If you’re on any of the social media platforms, you’ll regularly hear your friends/ followers mention that the noise is too much.

The social media noise, that is.

We’re all aware of Facebook envy, where you imagine that people’s lives are the sum total of their updates, because nobody posts about the flip side of the coin, real life.

Instagram has made it a little worse for some people, I’d imagine, with beautiful pictures of families, homes, baking, and so on.

I remember when we went on a beach holiday, scrolling through my phone pictures, I’d see both Instagram-worthy photos (the beach…) and also the moments between Instagrams, like time outs and laundry day craziness.

The truth is I’ve never really felt like I needed to unplug because I try to live life on my own terms and not compare myself to others… and I feel relatively well balanced.

You see, I set up some boundaries for myself years ago which are now very firmly entrenched habits:

  1. I like to be more of a contributor than a consumer on social media. If I’m on a particular site, it’s first to contribute (post, photo, etc.) and then to consume (check other people’s pretty pics and status updates).
  2. I also use social media to connect with people. So if I scroll through my feed and see something I enjoy, whether a post or a photo, I’m probably going to comment or “like” that snippet. I want people to know I’m reading, watching and enjoying catching up with them, no matter how superficial.
  3. And of course, being a time management coach, I do have very firm time boundaries for myself.

Also, very old-fashioned of me, but I actually still use Pinterest for my original reasons, storing bookmarks and websites I may want to reference again, and of late, as a search engine for pretty things.

I have, in the past, prayed and felt like I couldn’t hear very well because my brain felt too cluttered.

I sensed then that I should take a bit of a social media fast to clear my head a bit.

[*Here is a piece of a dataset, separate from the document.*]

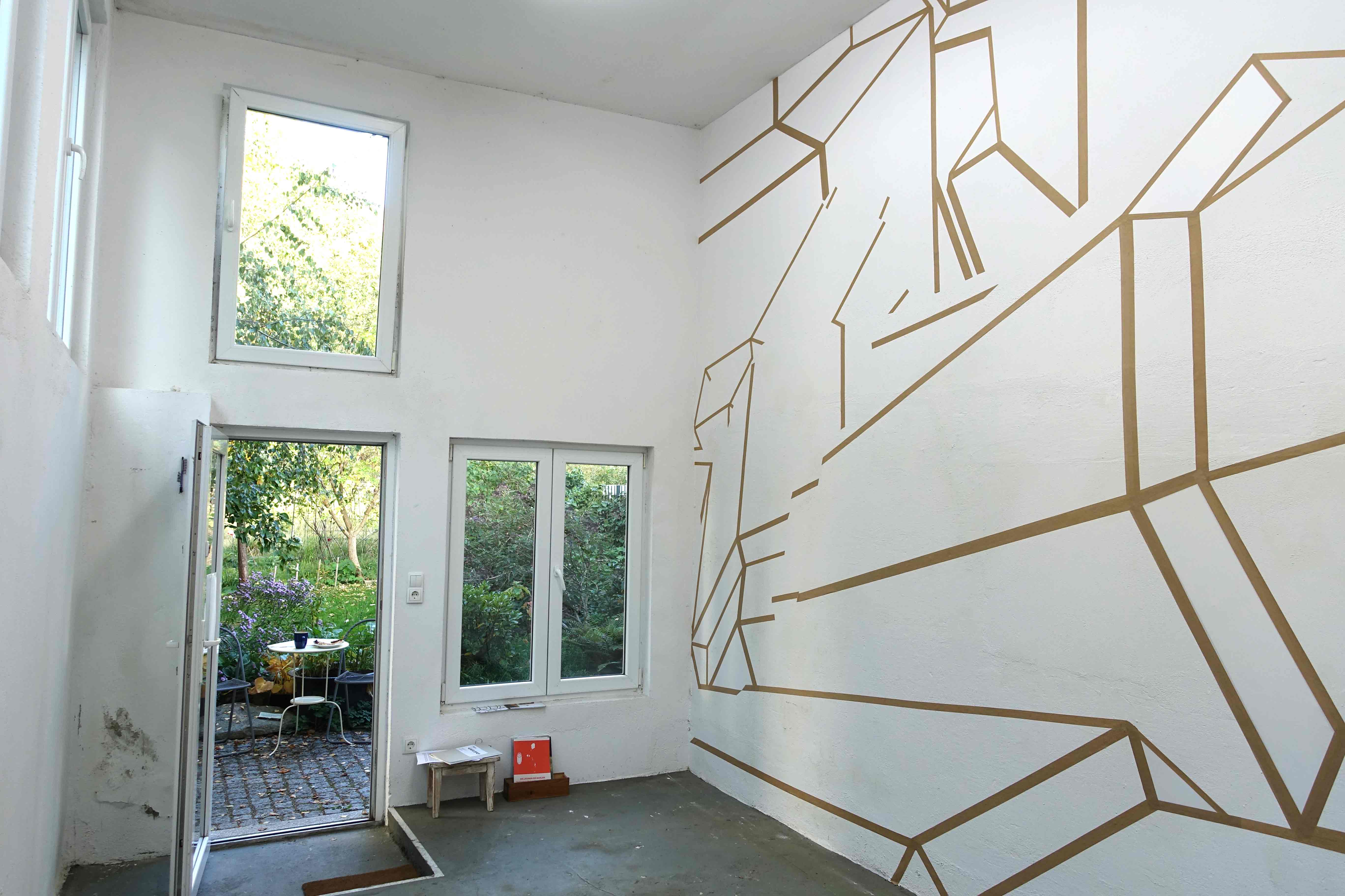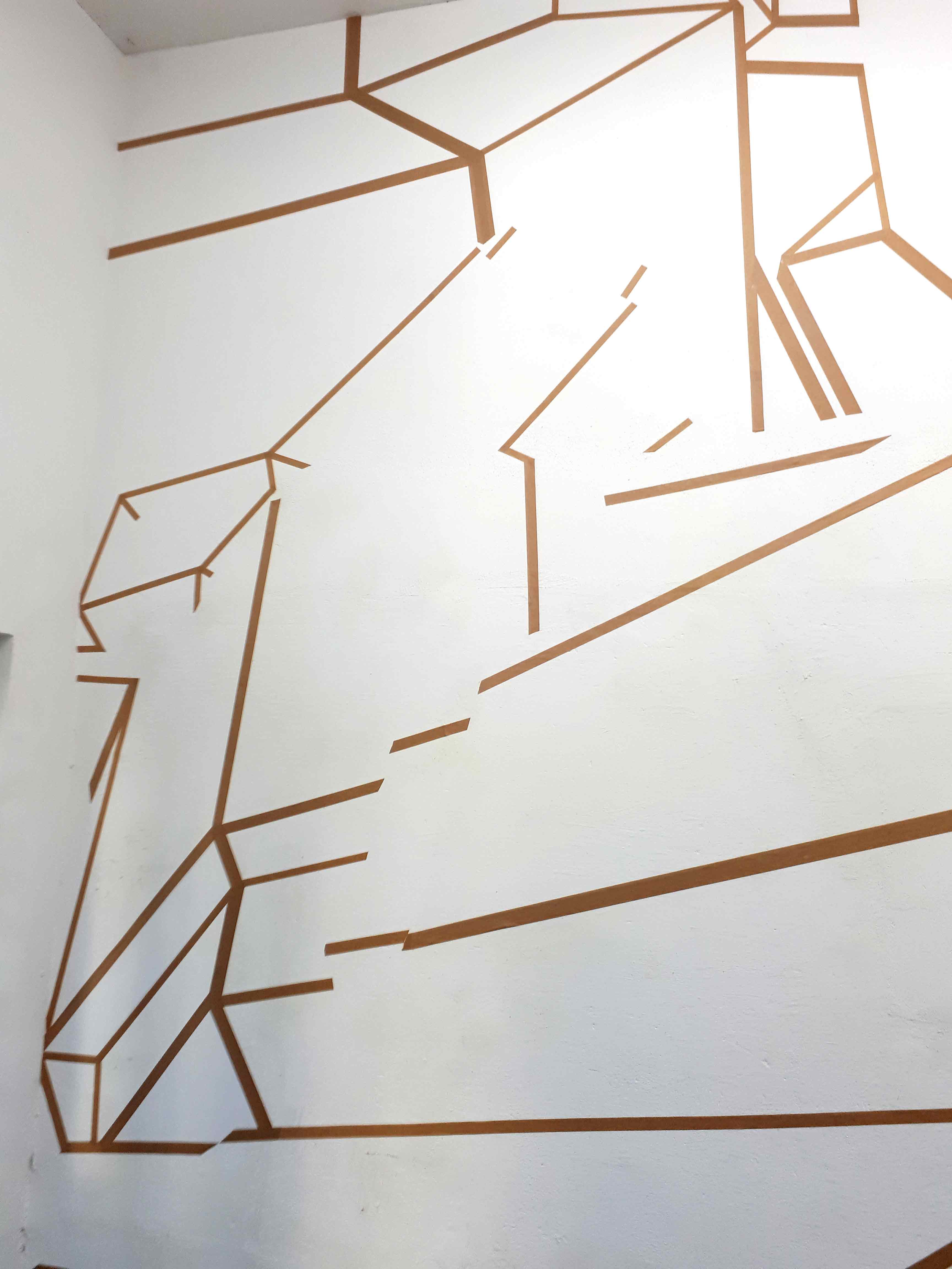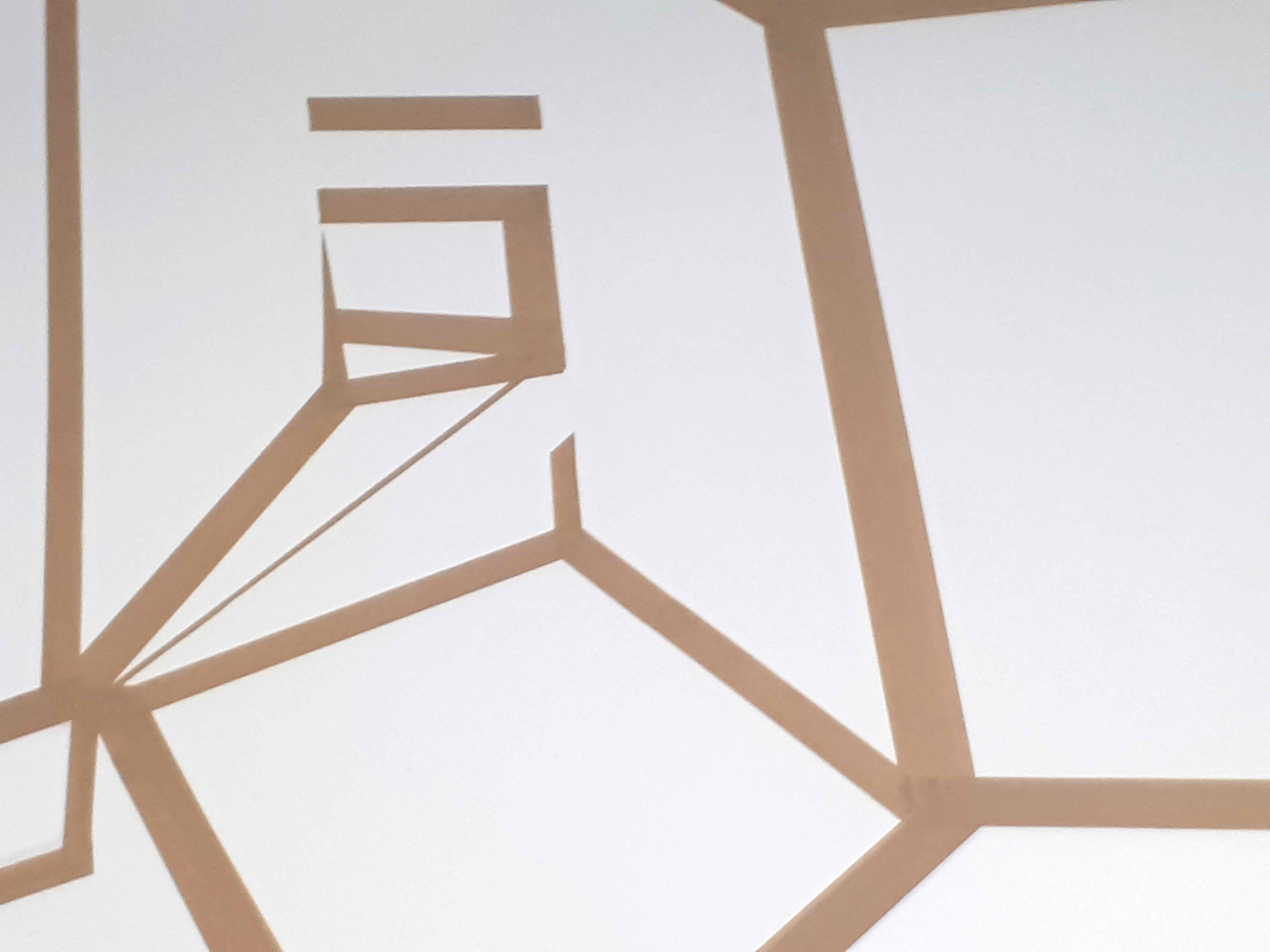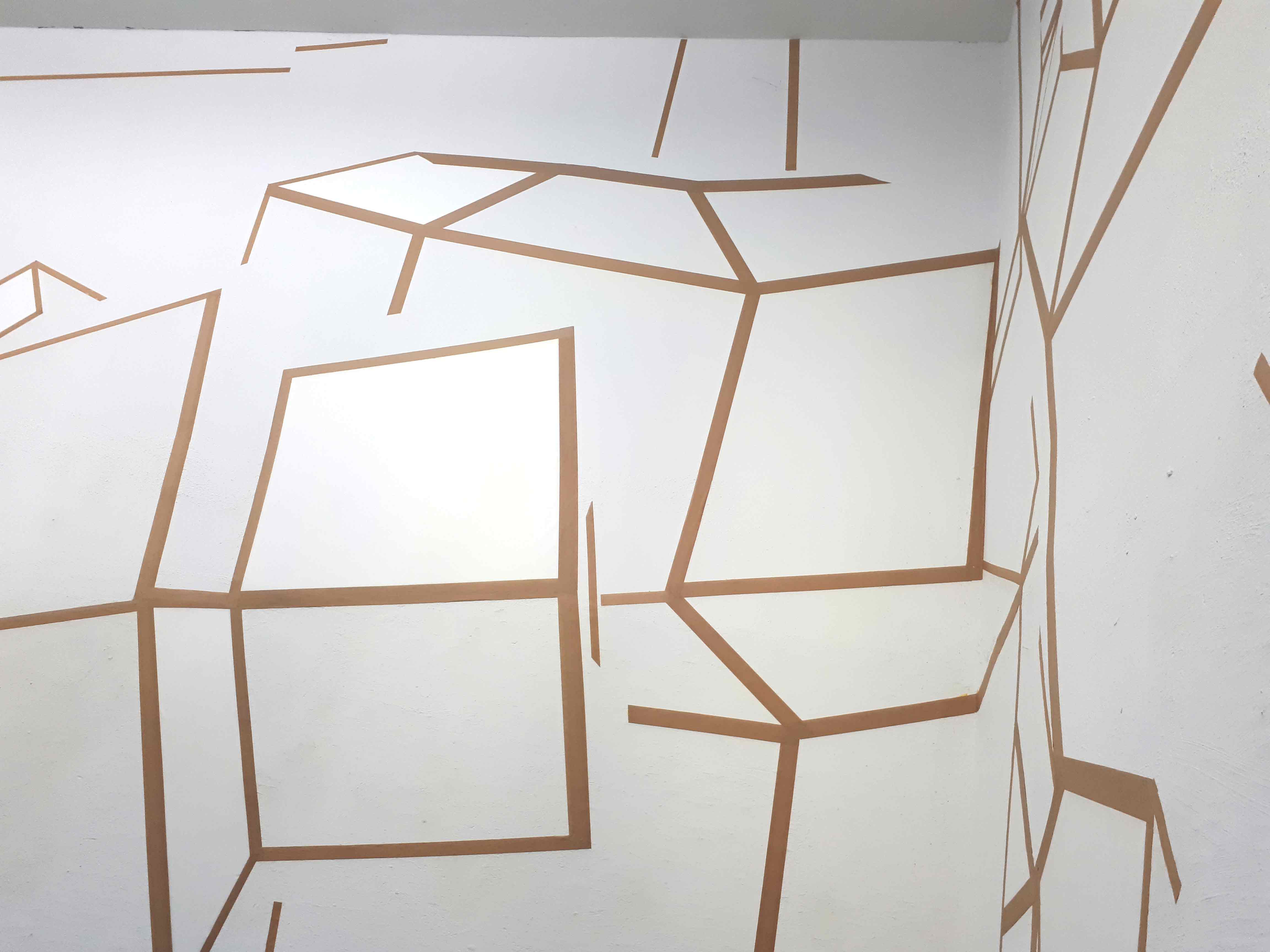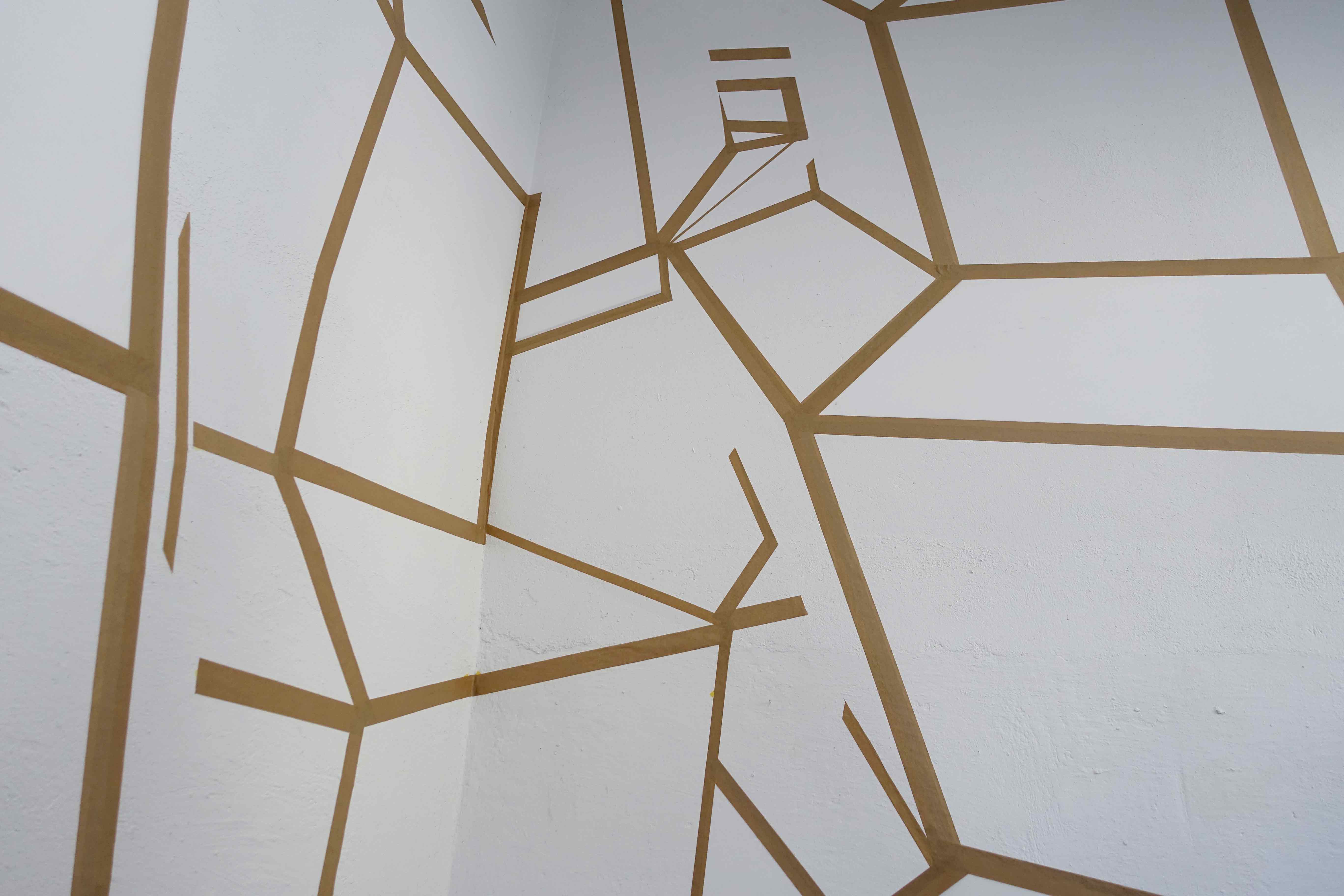 Im Piranesi Experiment wird der hohe, schmale Raum durch Collagieren und Zeichnen umgewandelt. Über den Wänden liegt ein Raster, das angelehnt an die Körperlichkeit einer plastischen und gestuften Achteckform neue Richtungen und Ebenen, Durchgänge und Tiefen suggeriert und zugleich abstrakt bleibt. Es entstehen rätselhafte Eindrücke über den eigenen Aufenthaltsort. Einige der durch das Raster gebildeten Flächen sind mit Papier bespannt – eine eher spür- als sichtbare Irritation der Illusionsebene und eine Gewichtung der Zeichnung als materialgebunden. Der Mensch steht klein inmitten dieser Winkel und Stege, vergleichbar mit den winzigen Personen in Piranesis Carceri.

Since I didn’t feel that it was completely necessary to not have any involvement, I did a “light version”:

  • I blogged in advance for the week ahead.
  • No internet at night after supper. Night times were now reserved for cooking, husband and kids, gym, photos, prayer and Bible reading and other projects… like the good old days!
  • When I’m at work, I only read blogs while eating my lunch so if I could only read and comment on three blogs during that time, then so be it.

What were the results?

  1. I got a ton of things done around the house.
  2. I heard a lot from God – I journalled too so I wouldn’t forget it all.
  3. I felt calmer and more peaceful.
  4. There was more time so I slept more during that week. My usual was 7 hours back then and I was getting in 7.5 – 8 hours daily.
  5. Of course my Feedly had about 200 items in it (I was subscribed to about 75 blogs) and I unsubscribed from a few feeds, the ones where I wasn’t even slightly tempted to do some catch-up reading.

I still don’t think I’ll do it very often but I think I’m sold on doing at least a quarterly social media fast.

What about you?

How do you think this could benefit your life?

Is it time to do a social media fast?

 

PS I’ve even heard of someone who does one every weekend, and another who does a week once a month. If you’d like to chat about getting help with your own time boundaries, contact me.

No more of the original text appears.